You can post them as text in the comments of this article or if you are feeling more multimedia, as a video reply to this youtube thread.
Tell us what has happened to you as an adjunct, non-tenure track, part time, temporary (usually all of the above) faculty member in higher education, both on the job and in your personal life as a consequence of having a job.
For example, I told my own story here, and the story of an instructor who resorted to going through the trash for pop cans to make ends meet. I have known instructors who still lived with their parents into their fifties and others who have had marriages unravel because their income didn't live up to their spouse's expectations for someone with their education level.
On the professional front, a friend of mine set up a PACE program for his college, then when the time came to give someone a full-time tenure track job to run it, they hired someone from outside the school (who promptly asked my friend how to do his job since he had padded his resume). Just recently, this instructor was fired from his community college after eighteen years of service, most likely because he was vice president of the part time faculty union.
Your stories will not only help us figure out what to fight for but give us powerful evidence to present to legislators and groups that work on higher education issues that using Walmart labor practices does real harm to real people.

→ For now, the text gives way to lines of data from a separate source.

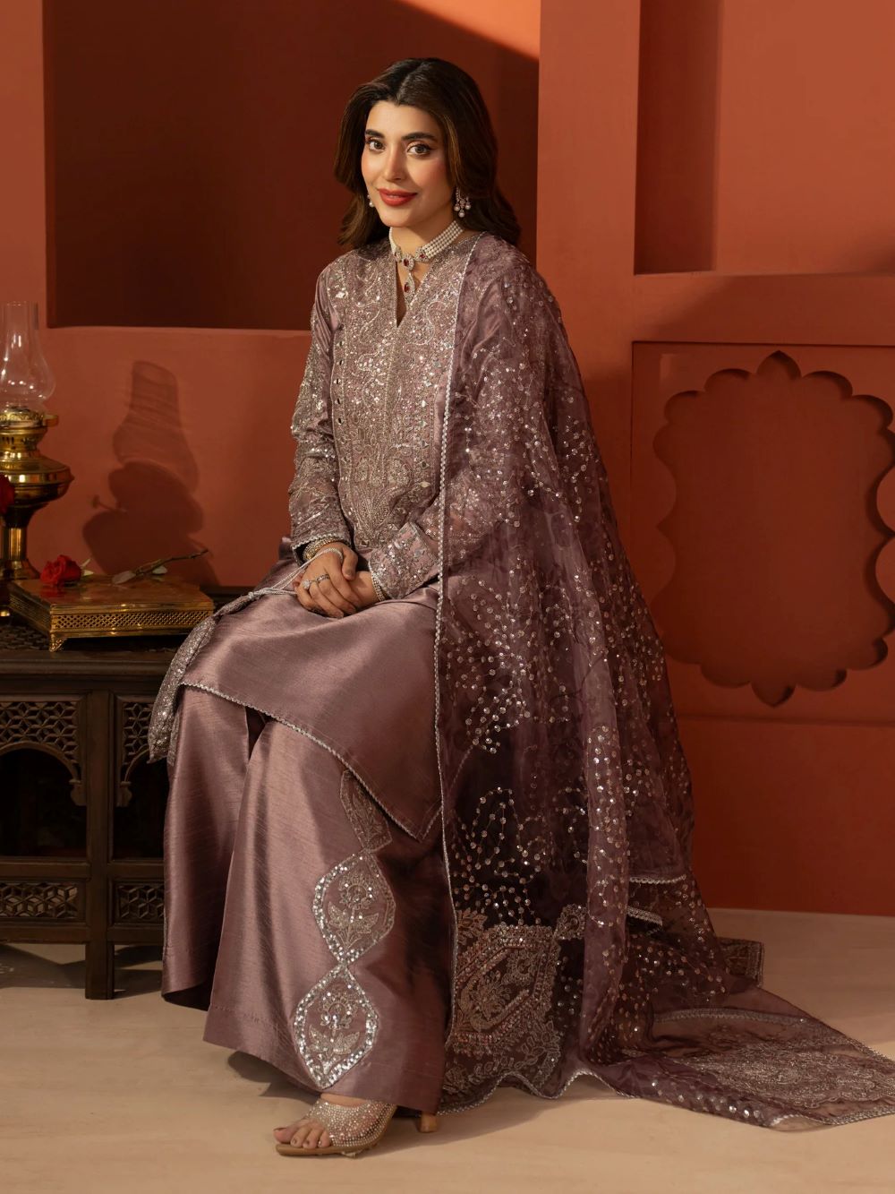 DYED INDIAN RAW SILK EMBROIDERED TROUSER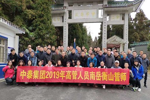 2019年3月16日-17日,中泰集团高管人员南岳衡山誓师登顶活动圆满结束。自2016年以来,中泰集团四度登顶祝融。新的一年,制定新的目标,开启新的征程。集团于此次誓师活动中组织“经营目标责任书”签订仪式,明确各公司的经营指标,全力以赴鼓干劲,众志成城创业绩,春耕秋收,砥砺前行。山雾缭绕与崎岖峭壁中,始终有战友在身旁扶持与鼓励,体现了中泰之师团结协作的精神;勇往直前登高望远,留下了中泰人奋勇争先,锐意进取的背影。稳中求进,厚积薄发,2019,中泰人满怀憧憬,携手出发!
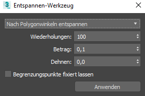 Falls dies offenbar hilft, klicken Sie wiederholt auf "Anwenden" oder ganz einfach auf "Entspannen starten", und warten Sie, bis die Überlappung behoben ist. Andernfalls machen Sie den Schritt rückgängig (STRG+Z) und probieren stattdessen "Mit Flächenwinkeln entspannen" oder erhöhen den Wert "Betrag", ändern den Wert "Dehnen" bzw. versuchen mehrere dieser Möglichkeiten gleichzeitig.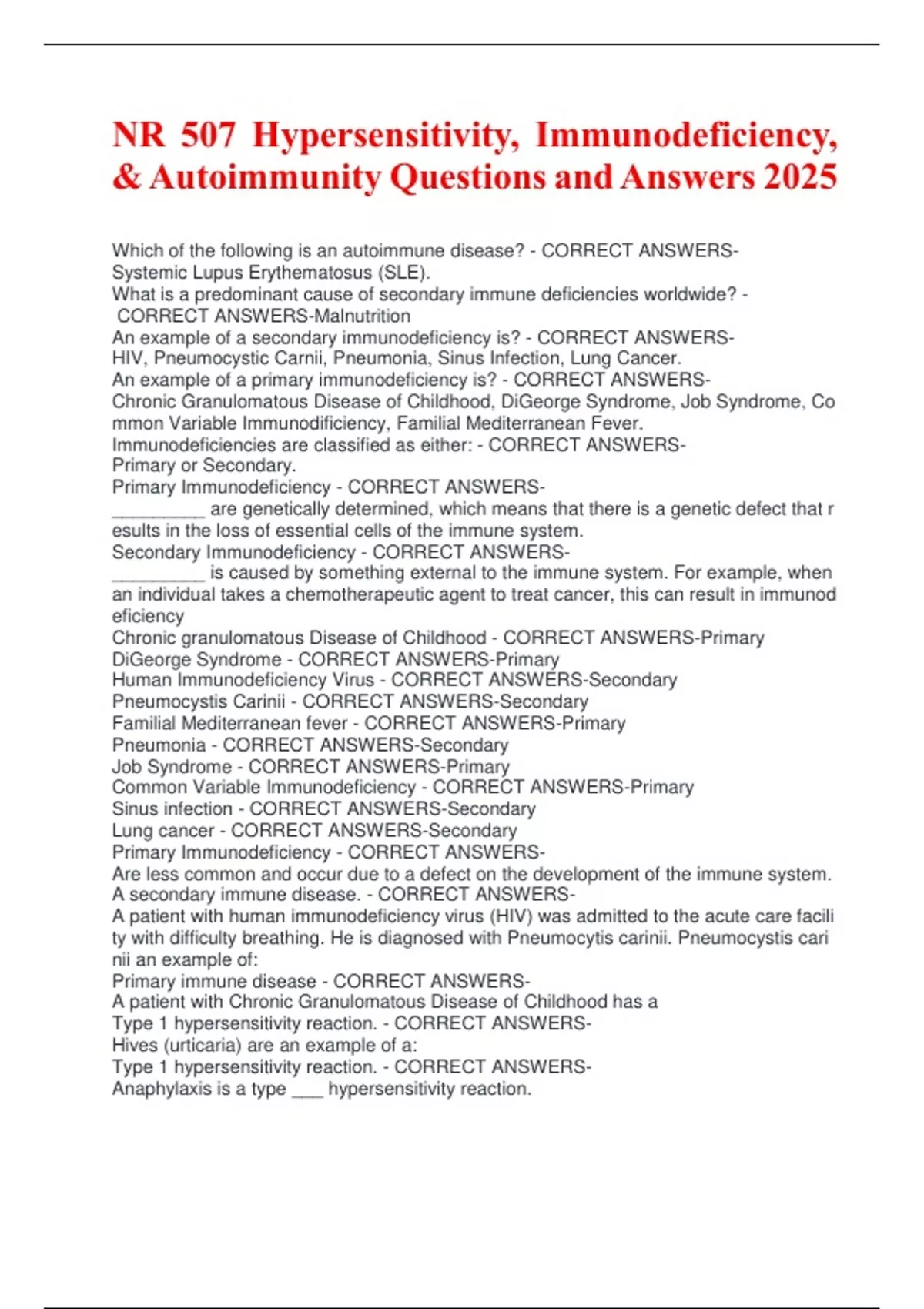 PrimaryAImmunodeficiencyA-ACORRECTAANSWERS-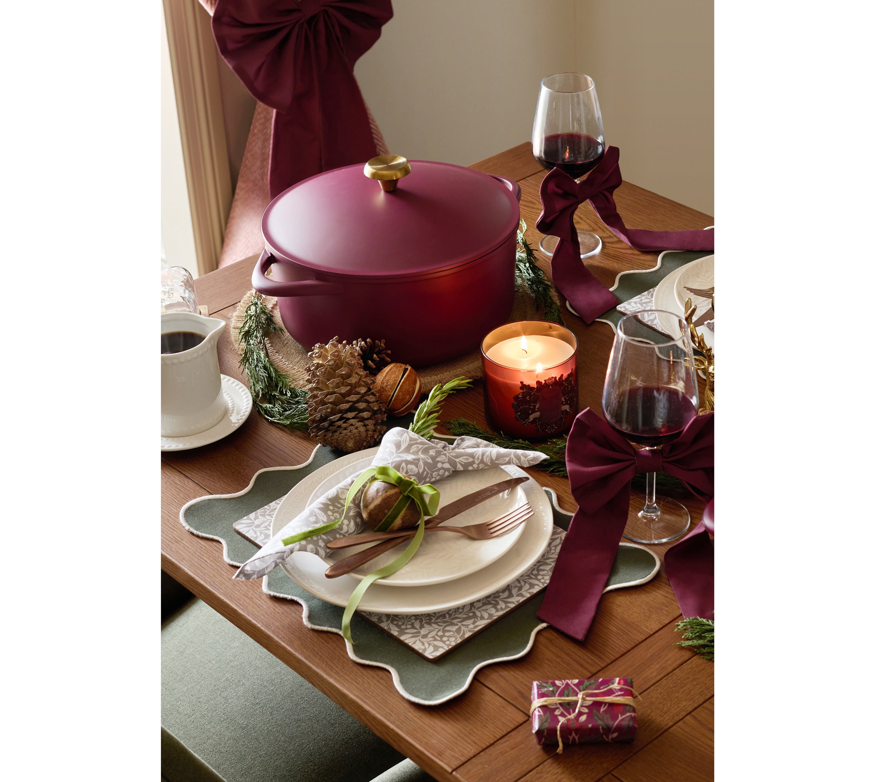 1. Cast Aluminium Casserole Dish in Burgundy, 2.7L, £35; Winter Berries Multi-Wick Candle, £8; rest of items from a selection, Dunelm

If you wish to remain anonymous, that's fine, though the more specific the details, the more useful your story will be, for example, say what state you are in, whether you are at a two-year or four-year college or research university, public or private, what discipline you teach in, your qualifications to teach, and how long you've been doing it. Any information you don't want to include is okay though.
11 comments:
I spent several years on the part-time, adjunct academic staff trail after finishing my psych PhD just in time for the Carter debacle followed by the Reagan Depression. I thought I was well on my way to a nice tenure-track position when I left grad school with a half-dozen articles accepted by peer-reviewed journals, but that was not to be. Between academic stints I lived on soft money doing program evaluation work and the like, until I retreaded myself as a clinical psychologist and abandoned all hope of the academic career I originally sought, and which I still mourn--although my income is no doubt better than it would have been in Academe.
Cletus,
Where are your kids going to go college if our higher ed system implodes like Wall Street from imitating their practices?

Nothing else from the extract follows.